American popcorn retailer

Karmelkorn was an American popcorn retailer. It was founded in 1928 in Casper, Wyoming, by Mr. and Mrs. William O'Sullivan. The O'Sullivans patented their candy-coated popcorn and trademarked the product's name and logo in 1929. Initially, they licensed the product to existing confectioneries before creating a chain of franchised Karmelkorn stores. Within four years, the O'Sullivans had 535 stores licensed to sell its product in North America including candy stores and peanut / popcorn stands. The original slogan of the product was "Delicious Karmelkorn: The Flavor That Can Not be Copied."

Licensed Karmelkorn merchants sold popcorn, caramel corn, and candied popcorn balls out of downtown storefronts and in tourist areas by beaches and resorts in its first generation. But by the 1960s under new owners, it began operating as Karmelkorn Shoppes, Incorporated. The chain dropped its licensing program and, instead, franchised Karemelkorn Shoppe storefronts which were popular in suburban strip shopping centers and shopping malls. Franchise Growth Corporation in Rock Island, Illinois, acquired Karmelkorn Shoppes Inc. in 1969. By 1982, the chain had 270 stand-alone Karemelkorn shops in 43 states.

In 1986, Dairy Queen's parent company IDQ (now part of Berkshire Hathaway) purchased Karmelkorn Shoppes, Inc.

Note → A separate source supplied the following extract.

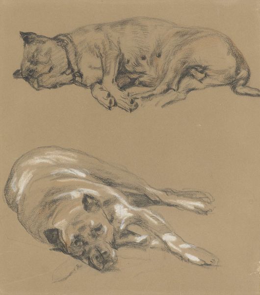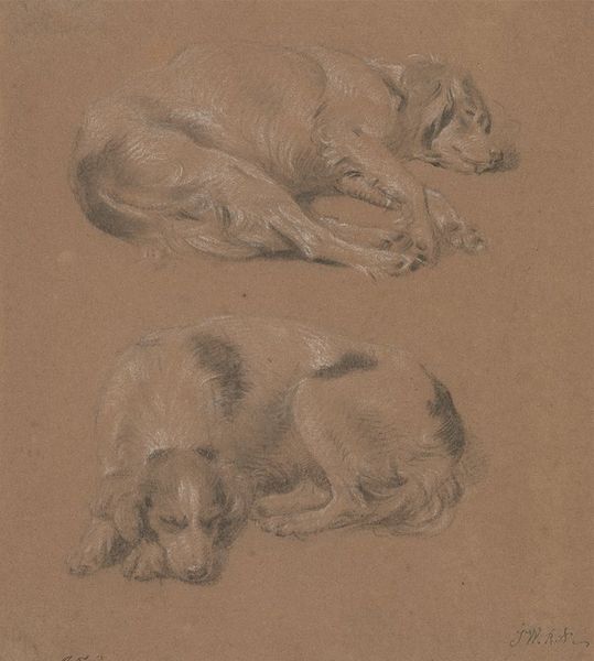 Editor: Here we have Julie Bell's "Afternoon Nap", rendered in pencil and charcoal. There's something very intimate and comforting in the simple rendering of this dog in repose. What stands out to you in this piece? Curator: What immediately strikes me is how Bell captures the vulnerability inherent in sleep. Consider the politics of rest – who is afforded the privilege of true relaxation without fear? Whose labor is consistently erased or devalued to the point where rest becomes a radical act? How does the portrayal of an animal at peace challenge societal expectations of productivity and service? Editor: That's a really interesting way to look at it, I wouldn't have considered those broader implications! The subject is, after all, a domestic animal who maybe *is* afforded that privilege, unlike, say, working animals. Curator: Exactly. Think about how the choice of medium further informs this dialogue. Pencil and charcoal, both readily accessible and relatively inexpensive, democratize the act of creation. Does the medium itself, then, suggest a certain accessibility or critique of elitist art practices? Editor: So you're saying even the materials carry meaning? Curator: Absolutely! And let’s not ignore the long tradition of animals depicted in art – often symbolizing fidelity, guardianship, or even serving as allegorical representations of human traits. Bell seems to subvert these historical constructs by presenting simply a moment of rest. Is that an act of resistance against symbolic burden? Editor: Wow, there is so much more here than I initially realized! I'm left thinking about the different ways we ascribe meaning, whether to animals or art itself. Curator: Precisely. It invites us to question our own projections and expectations around labor, leisure, and the inherent value of simply existing. It has certainly offered food for thought.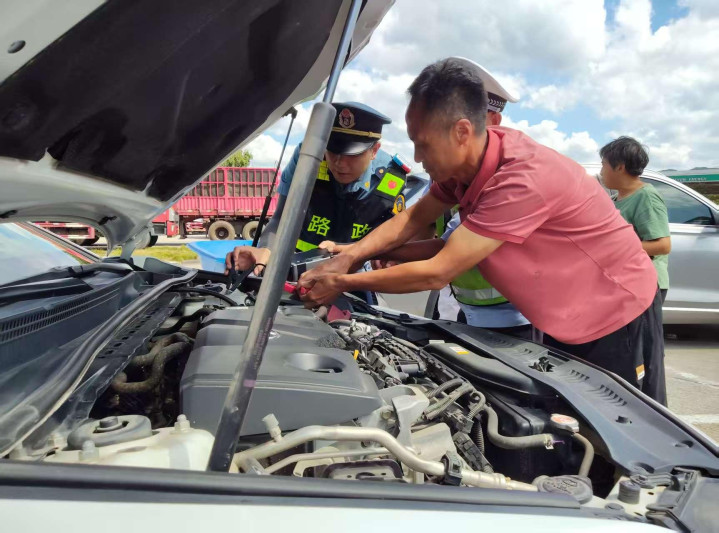 车辆电瓶亏电,路政“牵线搭电”助返程

Dairy Queen began co-branding Karmelkorn with the Dairy Queen and Orange Julius brands. Beginning in 1987, many locations with the three product lines were rebranded as Dairy Queen Treat Centers. With the decline of shopping malls and the expiration of Karmelkorn leases in the malls, the chain eroded. By 2019, there were just six remaining Karmelkorn locations. In May of 2019, Dairy Queen International dropped support for its final six locations though retaining the Karmelkorn name and trademark. The brand is presently inactive.